É o que resulta do artigo 19º do Dec.-Lei n.º 47.344, de 25 de Novembro de 1966. Nessa medida, e como muito bem se salienta no despacho recorrido, o artigo 19º do Dec.-Lei n.º 47.344, de 25 de Novembro de 1966 ‘regula a situação em que, pela aplicação de qualquer dos prazos actualmente consagrados no artigo 1817º do C.C. face à lei antiga não teria caducado o direito a investigar a paternidade, mas face à lei nova o mesmo direito ter-se-ia extinto por caducidade’. Quer dizer, o citado artigo 19º do Dec.-Lei n.º 47.344, de 25/11/66 consagra um regime puramente transitório, já que é em si mesmo como que uma espécie de ponte entre duas normas que vigorando em épocas distintas, visam regular interesses idênticos. No fundo, o aludido normativo mais não visa do que a composição e a defesa dos interesses daqueles que ainda podem ser afectados com a vigência da nova lei.
(...) Sendo assim, e à luz das considerações então expendidas, não se vê como é que tal normativo colide com o artigo 36º da C.R.P., tal como defende o apelante. Na verdade, e segundo deriva do n.º 4 do artigo 36º da C.R.P., ‘Os filhos nascidos fora do casamento não podem por esse motivo, ser objecto de qualquer discriminação e a lei ou as repartições oficiais não podem usar designações discriminatórias relativas à filiação’. Como é fácil de depreender, esta norma nada tem a ver com o direito à investigação da paternidade nem com as condições que a lei ordinária impõe para a instauração da acção onde deve ser exercido tal direito. A este propósito ensinam os Profs. J. Gomes Canotilho e Vital Moreira in Constituição da República Portuguesa, ed. 1978, pág. 107, que a dita norma consagra ‘o princípio da não discriminação entre filhos, independentemente de os progenitores estarem casados ou não’. Sendo assim, o que se visa é a não discriminação ou tratamento diferenciado daqueles que são filhos de pais não casados entre si, o que pressupõe logicamente, que a respectiva paternidade já esteja reconhecida ou estabelecida. Ora, isto nada tem a ver com as condições que a lei ordinária impõe para que seja instaurada a acção com vista ao reconhecimento da respectiva paternidade. Assim sendo, a regulamentação que a lei ordinária faça nesse sentido, como sucede no caso em apreço, em nada colide com aquele princípio constitucional que, como se procurou demonstrar, apenas impõe que os filhos nascidos fora do casamento não sejam, por esse facto, discriminados a qualquer título-
(sublinhado nosso). Desta sorte, e sem necessidade de outras considerações, é de concluir que a observância do artigo 19º do Dec.-Lei n.º 47.344, de 25 de Novembro de 1966 não viola o disposto no n.º 4 do artigo 36º da C.R.P. Aqui chegados, há que dizer, pois, que se concorda inteiramente com os fundamentos de facto e de direito que informam o despacho recorrido, estes
últimos acompanhados das considerações acima expostas, considerações essas que, no seu âmbito, mais não visaram do que reforçar a argumentação utilizada pelo Sr. Juiz a quo. Por outro lado, e neste mesmo sentido, também se acolhe, sem reserva ou reparo, a decisão nele constante e daí que só nos reste confirmar, sem qualquer declaração de voto, o julgado em 1ª instância, tudo ao abrigo do n.º 5 do artigo
713º do C.P.C. Por conseguinte, improcedem toda e cada uma das conclusões alinhadas pelo apelante nas suas alegações de recurso.”

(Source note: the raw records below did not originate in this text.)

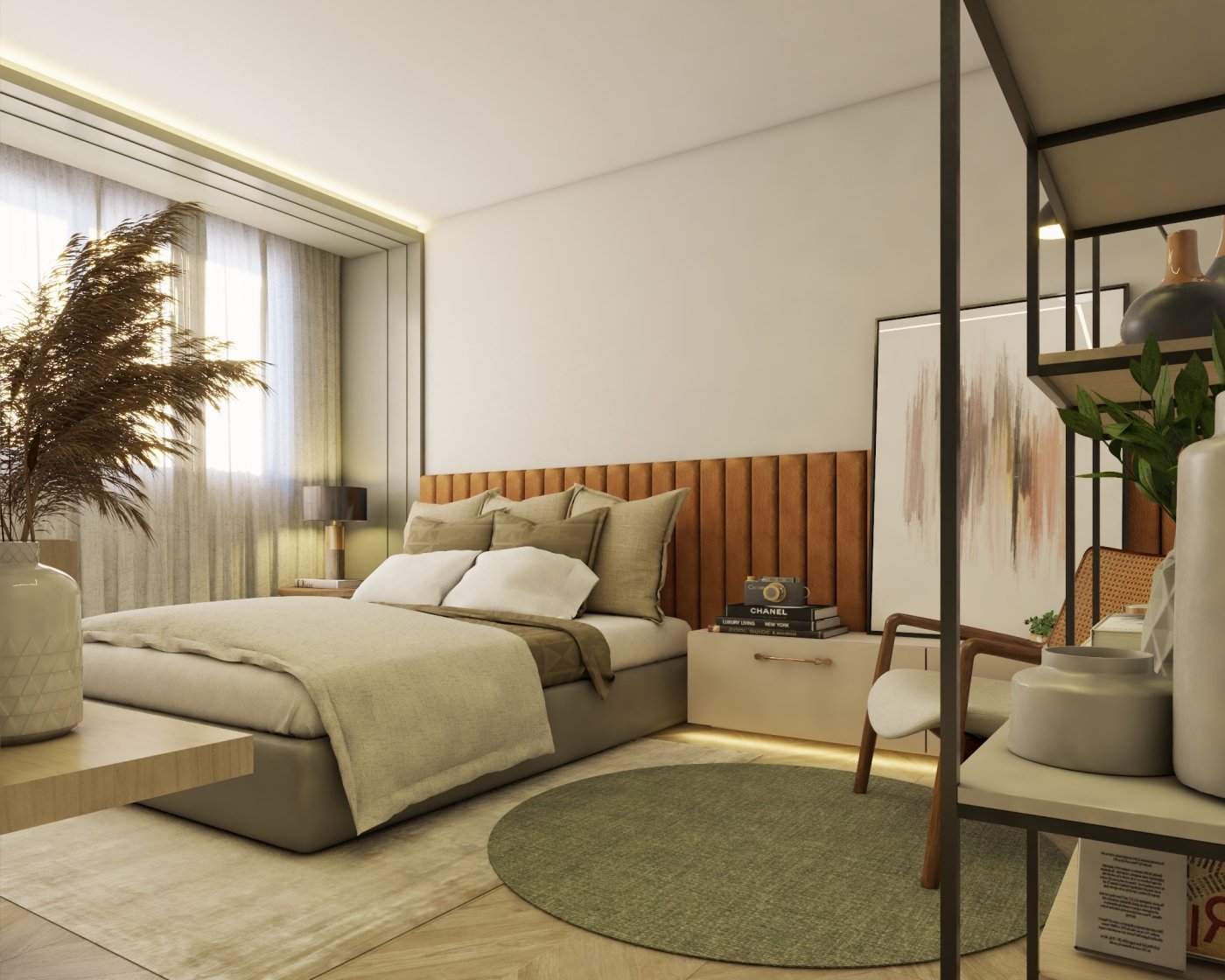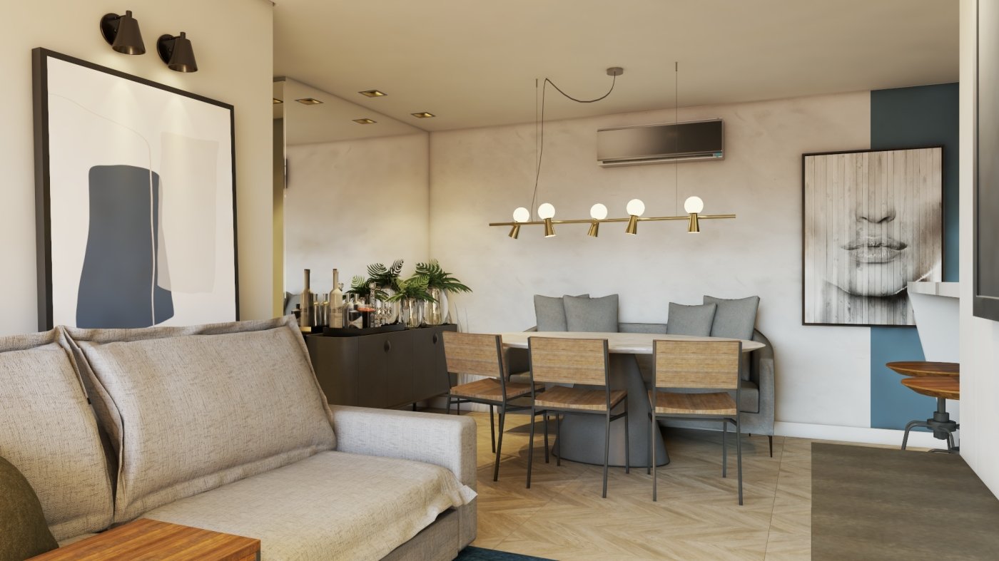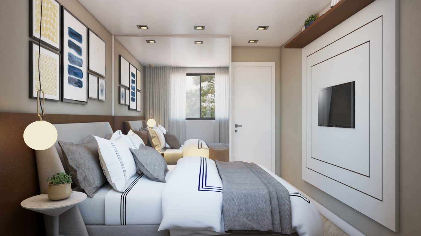 Planta baixa funcional com living integrado, quarto de hóspedes, suíte principal com uma ótima disposição e terceiro quarto, que foi aberto para a suíte e transformado em closet atendendo a necessidade da cliente.
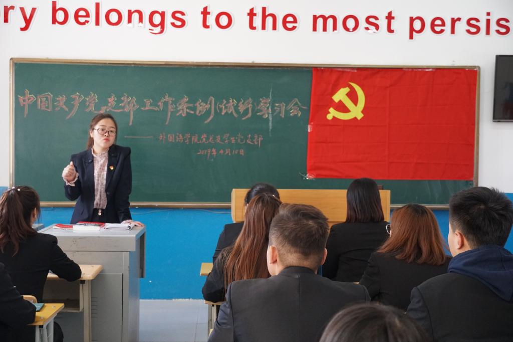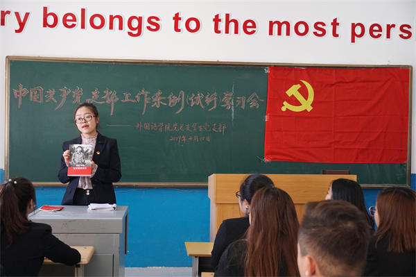 为加强党的组织建设,提高党支部工作力,深入推进“两学一做”学习教育常态化,方便今后顺利开展支部工作,外国语公司党总支员工党支部于4月10日在俄语楼110召开了中国共产党支部工作条例(试行)学习会暨“学习新时代楷模,做合格党员”主题党日观影活动。
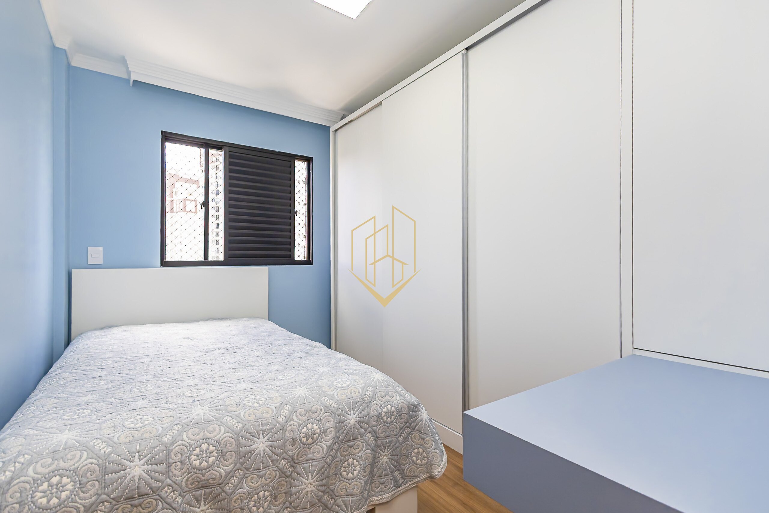 O apartamento possui 111m² e está localizado no 13° andar, muito bem arejado e iluminado, com 2 entradas independentes. O imóvel é composto de 3 quartos, sendo 1 suíte com closet, todos com armários, possui ainda 2 banheiros com armários e box blindex, cozinha independente com marcenaria alto padrão e tampo em silestone, sala de estar e sala de jantar integradas, 2 sacadas fechadas, 1 delas com churrasqueira à carvão e pia de apoio, lavanderia independente com armários, um pequeno cômodo que hj é dispensa/depósito e 2 vagas fixas de garagem. O apartamento é inteiro reformado e possui aquecimento à gás nas torneiras e chuveiros e todas as janelas e sacadas são teladas. O condomínio ainda conta com portaria remota, playgroud, sistema de câmeras e interfone, 2 elevadores, espaçoso salão de festas, playgroud e quadra poliesportiva.
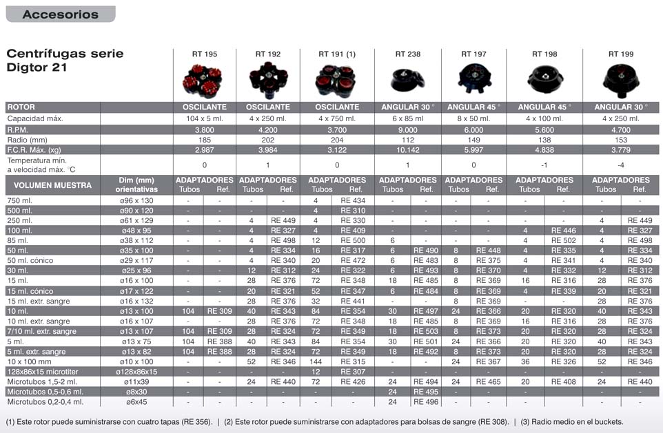 Rotores, adaptadores y tubos, accesorios no incluidos con el equipo. Se tienen que pedir aparte.
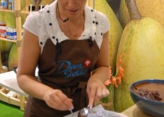 Vakar savu sniegumu demonstrēja delikatešu veikala Gastronome šefkonditors Jānis Večens, kurš gatavoja trīs saldos ēdienus – Macaroons cepumus, vēja kūkas un apelsīnu siera kūku.
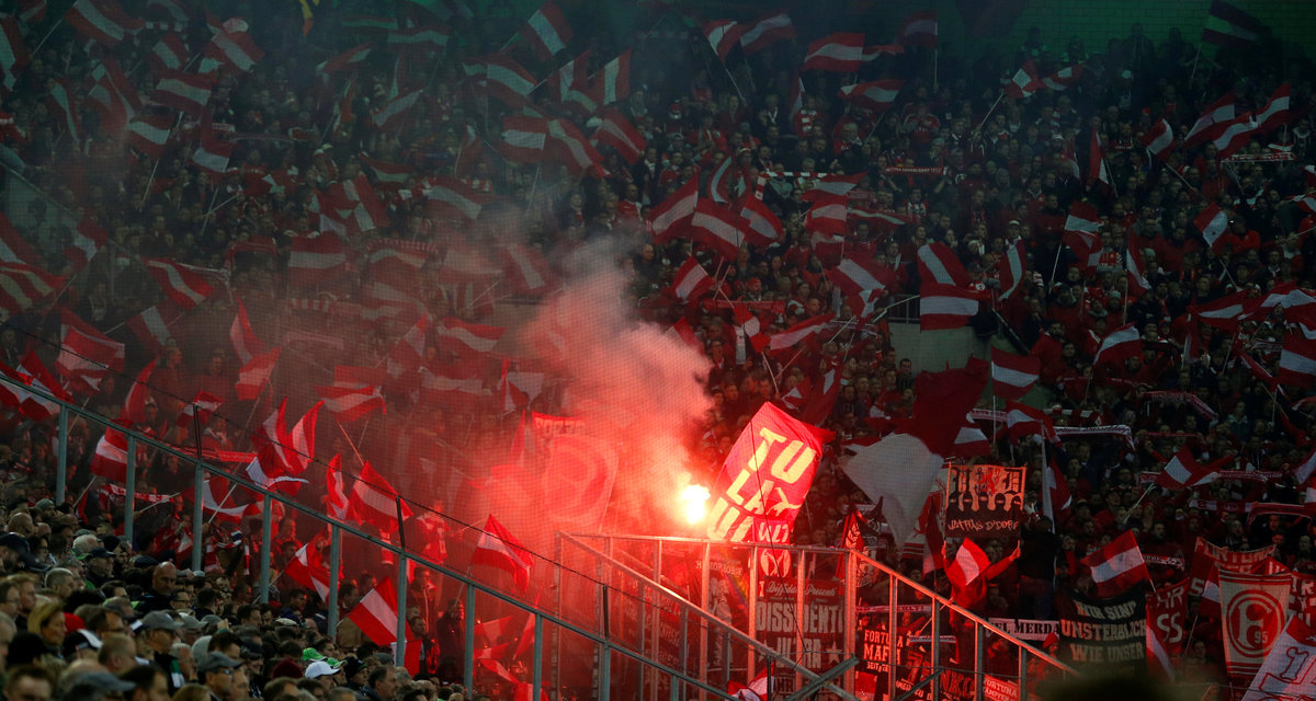 Soccer Football - Bundesliga - Borussia Moenchengladbach v Fortuna Duesseldorf - Borussia-Park, Moenchengladbach, Germany - November 4, 2018 Fortuna Duesseldorf fans with flares REUTERS/Leon Kuegeler Soccer Football - Bundesliga - Borussia Moenchengladbach v Fortuna Duesseldorf - Borussia-Park, Moenchengladbach, Germany - November 4, 2018 Borussia Monchengladbach's Thorgan Hazard celebrates scoring their third goal with team mates REUTERS/Leon Kuegeler
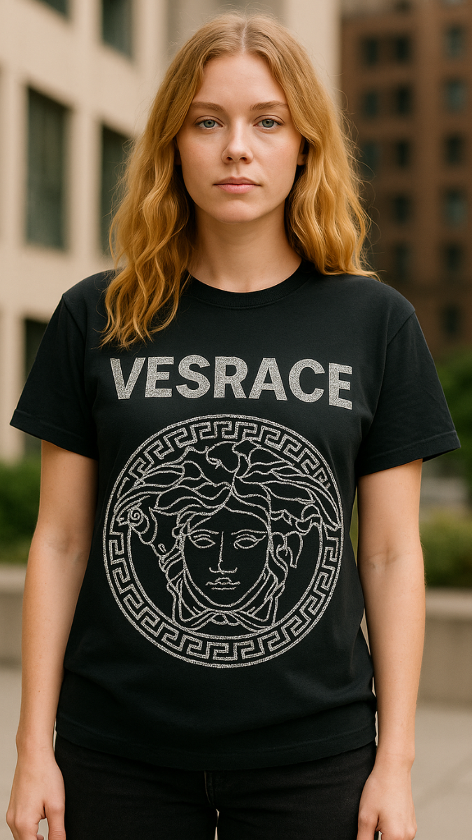 Step out in style with this eye-catching T-Shirt featuring vesrace design made of rhinestone on chest, half sleeves and round neck. It offers a comfortable fit and a touch of elegance . Perfect for casual or smart-casual occasions, this versatile T-Shirt is a must-have.
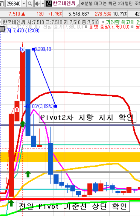 저의 경우는 전일 Pivot 기준선을 기준으로 종목 접근을 우선적으로 고려하며 그 이후에 슈팅이 나왔을 때에는 위의 저항을 잘 넘기는지를 판단하여 매도 타이밍을 잡습니다.

5. O recorrente interpôs recurso para o Supremo Tribunal de Justiça, fazendo remissão para as alegações já produzidas perante o tribunal recorrido. Por acórdão datado de 29 de Janeiro de 2002 o Supremo Tribunal de Justiça decidiu negar provimento ao recurso, nos seguintes termos:
“(...) Aplicável à nossa hipótese não é o vetusto, venerável (e extremamente moderno para a época) Decreto n.º 2, de 25/12/1910, chamado Lei de Protecção dos Filhos, subscrito por figuras notáveis da República., mas sim o CC entrado em vigor em
1967 – concretamente o seu original art. 1854º, n.º s 1 e 4, agora (após a Reforma introduzida no direito da família pelo DL 496/77, de 25/11) o art.
1817º, n.º s 1 e 4. E isto por o CC de 1966 ser a lei vigente à data do exercício do direito. O art. 19º do DL 47.344 não impõe (nem permite) outra solução. Trata-se de uma norma de direito transitório, destinada a salvaguardar as situações em que, à data da entrada em vigor do novo CC (que criou prazos de caducidade que a lei anterior não conhecia), já se encontrassem esgotados os prazos que a nova lei estabeleceu para o exercício do direito. Este é o objectivo do falado art. 19º.
(...) A lei aplicável ao reconhecimento da paternidade é naturalmente a lei vigente à data em que se procede ao estabelecimento da paternidade, neste caso através do reconhecimento judicial: art. 1796º, n.º 2, do CC. Isto quer afinal dizer que o falado art. 19º do DL 47.344 nem tem aplicação ao nosso caso, visto que o Autor podia ter exercido o seu direito na vigência do CC e de acordo com a forma como este regula tal exercício. Como bem se acentuou na Relação, a vencer a tese do recorrente (o Decreto de
1910 aplica-se a todos os nascidos na sua vigência, o CC aos nascidos na vigência dele), então é que teríamos uma situação de inconstitucionalidade (art.
13º da CRP), por se dar tratamento diferente (no que toca ao exercício do direito a investigar a paternidade) em função da data de nascimento (idade): uns não teriam prazo para investigar a paternidade, outros teriam prazo fixado pelo CC. A lei, em princípio, só dispõe para o futuro: art. 12º, n.º 1, do CC. Isto significa duas coisas: que a LN não é retroactiva (a lei nova não se aplica a factos ocorridos antes da sua entrada em vigor) e que a LA não é ultractiva (a lei velha não se aplica a factos produzidos após o período da sua vigência). Pretender aplicar o Decreto de 1910 a factos ocorridos após a sua revogação (a presente acção de reconhecimento da paternidade) seria dar-lhe ultractividade. Cada facto regula-se pela lei vigente no momento da sua verificação: art. 12º, n.º 1, do CC e, entre outros, por exemplo o Acórdão deste STJ de 08/06/94, no BMJ, 438-440. A lei nova aplica-se a todas as situações verificadas na sua vigência, e uma delas é o exercício do direito a investigar a paternidade, ocorrido após a entrada em vigor do CC (de 1967).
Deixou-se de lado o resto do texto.